EDIT: Oh wait... since the problem is huge pages, this is MUCH better, since we can disable it. And I just verified that it works:

echo never > /sys/kernel/mm/transparent_hugepage/enabled

This means, free latency upgrade for all the Redis users out there during fork... (more or less 20x in my tests) just with this line above.

sandGorgon11y ago

this is a recommended setting even on Oracle [1] [2] and Couchbase [3]

the doc recommends adding "transparent_hugepage=never" to the kernel boot line in the "/etc/grub.conf" file.

[1] http://oracle-base.com/articles/linux/configuring-huge-pages...

[2] https://support.oracle.com/epmos/faces/DocContentDisplay?id=...

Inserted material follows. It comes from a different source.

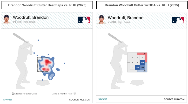 Like Woodruff's changeup, he seemingly located the cutter well against right-handed hitters, leading to weak contact (.126 wOBA, .118 xwOBA). Thankfully, Woodruff has multiple pitches to attack both sides of the plate, which should potentially help sustain his success into 2026, assuming we regress his velocity and strikeout skills to his career averages.

[3] http://blog.couchbase.com/often-overlooked-linux-os-tweaks

antirez11y ago

Yes, never reported by Redis users so far, maybe since in Redis it does not have the same impact it has in other databases, but a more subtle latency issue apparently.

EDIT: Actually in the CouchBase case they talk about "page allocation delays" that looks related, potentially. I started the investigation mainly because the Stripe graph looked suspicious with a modern EC2 instance type that has good fork times, so there was something more indeed (unless the test was performed with tens of GB of data).

antirez11y ago

Replying to myself for an update. The hypothesis of a a few users here is correct, while hard to believe. The latency spike is due to the fact that even with the 50 clients of the benchmark, it is possible to touch all the huge pages composing the process in the space of a single event loop. This is why I was observing this initial spike and nothing more. This seemed unrealistic to me with 50 clients, but I remembered that one of the Redis optimizations is to try to serve multiple requests for the same client in the same event loop cycle if there are many in queue, so this is what happens: 50 clients x N-queued-requests = enough requests to touch all the memory pages, or at least a very significant percentage to block for a long time and never again.

evan_miller11y ago

Have you tried disabling only defrag? The performance issues I'm familiar with are generally related to defrag running at allocation time. I would be curious to see your results while enabling THP but:

echo never > /sys/kernel/mm/transparent_hugepage/defrag

antirez11y ago

Awesome hint, I'll try it. However if huge pages means 2MB copy-on-write for each fault, you want still them turned off for Redis. Also does not help with jemalloc memory reclaiming.

nonane11y ago

That makes sense. Since jemalloc is using huge pages, even if it's one byte inside a huge page changes, the kernel needs to copy an entire 2mb per modified entry over (worst case localilty). Whereas on a non-hugepage allocation it'll only be 4kb. Thats why you saw movs in the stack trace - the kernel was too busy copying over the entire huge page over. With small pages, it can be more granular about it's copying.

antirez11y ago

I don't think that's the reason actually, there is a big spike and then all the other COWs are ok, also copying 2MB is no way near to the 300 ms I was observing. Not sure if for some reason most pages where copied, or it was some other issue at all. It could be the code that fragments the huge page into multiple pages maybe? MOV -> fault -> split of page -> COW of a single 4k page.

1 more reply

zwily11y ago

Disabling transparent hugepages has been common advice in the Postgres world for awhile, and for the same reason. I suspect anything that forks a lot should have them off.

jsmthrowaway11y ago

MongoDB, too, which also requests disabling NUMA since MongoDB has no idea what NUMA is.

xtacy11y ago

Apparently, similar issues (+ fixes) also apply for Hadoop workloads: http://structureddata.org/2012/06/18/linux-6-transparent-hug...

daviesliu11y ago

Could your confirm that the MOV is copying PTEs? I doubt that maybe it's copying the heap, because of copy-on-write. After fork(), the parent write to heap randomly, so it will copy more data with jemalloc than libc (because of huge page)

nteon11y ago

After the latency spike does the smaps output still list the same amount of AnonHugePages?

antirez11y ago

Can't test it right now, but seems smart, to check if they got split into smaller pages.

2 more replies

Ono-Sendai11y ago

Why do you fork?

seiji11y ago

See the "How it works" section under "Snapshotting" at http://redis.io/topics/persistence

1 more reply

jbert11y ago· 3 in thread

Dumb question - if problem is a latency spike in the parent, any chance you can continue serving in the child and let the parent do the BGSAVE (and take the latency spike)?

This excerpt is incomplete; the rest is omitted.